Zhi-Zhun Mo,Zhi-Xiu Lin,ZiRen Su,Lin Zheng,Hui-Lin Li,JianHui Xie,Yan-Fang Xian,Tie-Gang Yi,Shui-Qing Huang,Jian-Ping Chen 한국식품영양과학회 2018 Journal of medicinal food Vol.21 No.9
Angelica sinensis (AS, Danggui in Chinese) is an important herbal component of various traditional formulae for the management of asthenia and its tonic effects. Although AS has been shown to ameliorate cognitive damage and nerve toxicity in D-galactose (D-gal)-elicited senescent mice brain, its effects on liver and kidney injury have not yet been explored.

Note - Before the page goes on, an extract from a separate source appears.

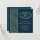 Faire-part d'anniversaire de mariage de 50 ans avec des feuilles dorées sur fond bleu foncé. Facile à personnaliser - changez la police, la couleur, la taille et mettez votre année de célébration.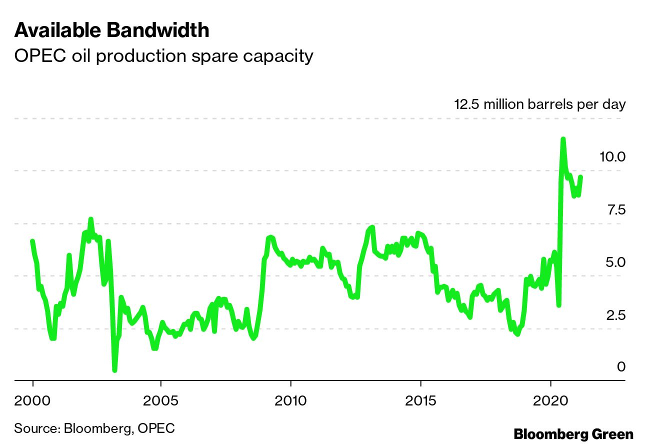 Two things could counteract that. Number one: If oil and gas prices rise consistently and the returns on capital increase, investors might demand more investment. Number two: Spare production capacity amongst the Organization of the Petroleum Exporting Countries spiked during the pandemic to more than 10 million barrels per day and remains far higher than at any point this century. That spare capacity could be a release valve on high prices, as could a resurgence in U.S. shale production if prices are high enough to support new investment (and if capital markets are willing to fund it).

In this work, mice were subjected to hypodermic injection with D-gal (200 mg/kg) and orally gavaged with AS (20, 40, or 80 mg/kg) once a day for 8 successive weeks. Results revealed that AS significantly improved liver and kidney function as assessed by organ index and functional parameters. In addition, AS pretreatment effectively ameliorated the histological deterioration. AS attenuated the MDA level and markedly enhanced the activities and gene expressions of antioxidative enzymes, namely Cu, Zn-SOD, CAT, and GPx. Furthermore, AS markedly inhibited the D-gal-mediated increment of expressions of inflammatory cytokines iNOS, COX-2, IκBα, p-IκBα, and p65 and promoted the IκBα expression level in both hepatic and renal tissues. In sum, AS pretreatment could effectively guard the liver and kidney of mice from D-gal-induced injury, and the underlying mechanism was deemed to be intimately related to attenuating oxidative response and inflammatory stress.